Week 3: Research Ethics Flashcards
(27 cards)
What is ethics?
Set of principles and practices that provide moral guidance in a particular field
What are the four moral principles of research ethics?
- Risk vs Benefits
- Acting responsibly and with integrity
- Seeking justice
- Respecting people’s right and dignity
Who is affected by psychological research and must be considered?
- Research participants
- Scientific community
- Society
What are the personal risks of psychological research?
- treatment may fail or harm
- procedure may result in harm
- right to privacy may be violated
What are the personal benefits of psychological research?
- receive helpful treatment
- learn about psychology
- money or credit for participating
How to determine if research is ethical in regards to risk and benefits?
Only ethical if risks are outweighed by benefits
What are the scientific risks of psychological research?
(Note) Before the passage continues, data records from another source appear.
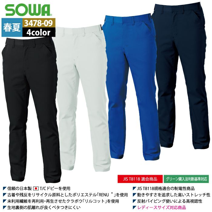 桑和 SOWA 作業服 作業着 作業ズボン 桑和 SOWA 作業服 春夏用 3478-09 スラックス 4L
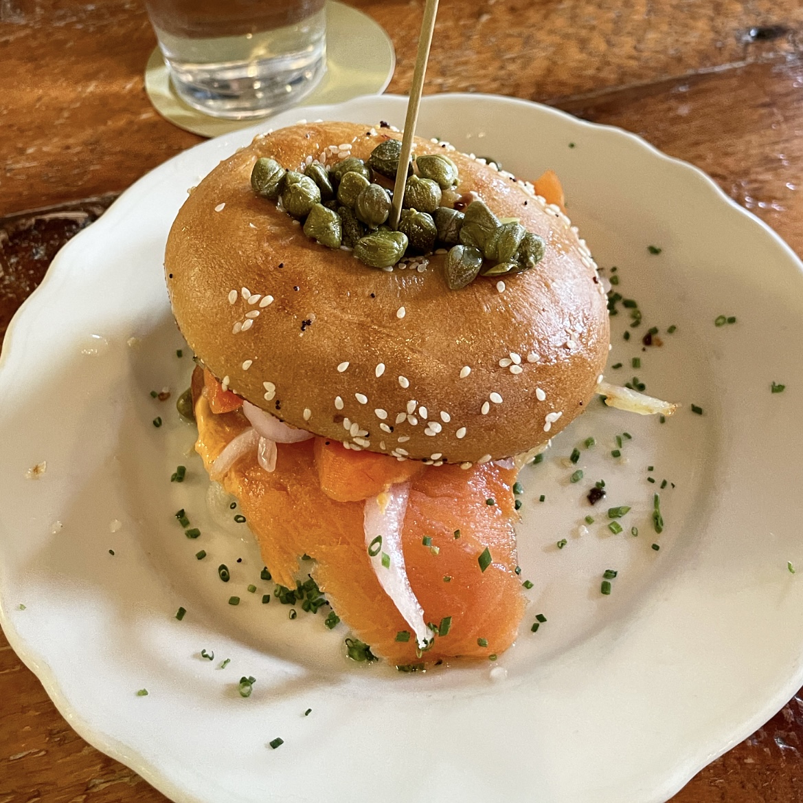 Bourbon Smoked Salmon Toast: Raw smoked alaskan salmon, toasted everything bagel, pimento cream cheese, capers, pickled veggies
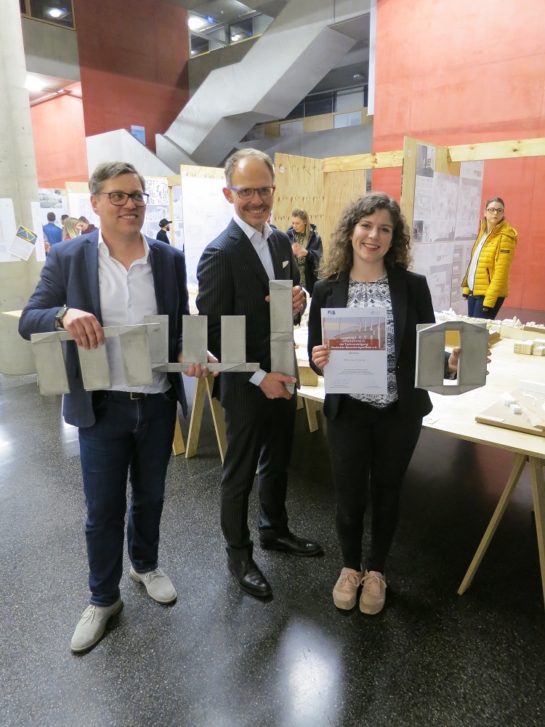 FDB-Förderpreis-Gewinnerin Anouschka Pohlenz mit Professor Dominik Wirtgen (links) und dem technischen Geschäftsführer der FDB e.V., Mathias Tillmann (Mitte), mit Muster-Elementen aus ihrer preisgekrönten Arbeit. Foto: FRA-UAS, FB 1
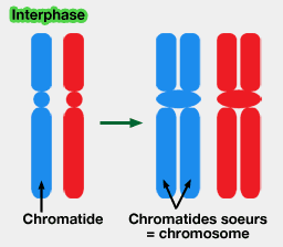 - Les chromatides soeurs, répliquées pendant cette phase, sont unis par un centromère.

- Bad research taking resources from productive research
- Results misinterpreted with harmful consequences
What are the scientific benefits of psychological research?
- Advance scientific knowledge
- Contribute to the welfare of society
What is the most common risk/benefit scenario in psychological research?
Personal risk with scientific benefit
What does the moral principle of acting with responsibility and integrity entail?
- Research if thorough and competent
- Meet professional obligations
- Be truthful
What does the moral principle of seeking justice entail?
Treat participants fairly
What does the moral principle of respecting people’s rights and dignity entail?
- Respect autonomy
- Use informed consent (obtain and document)
- Respect privacy
- Maintain confidentiality (ideally anonymity)
Why is there unavoidable ethical conflict in psychological research?
- There will always be a conflict between risks and benefits
- Being completely truthful to participants can make scientifically valid studies difficult
How do you deal with unavoidable ethical conflict in a responsible and constructive way?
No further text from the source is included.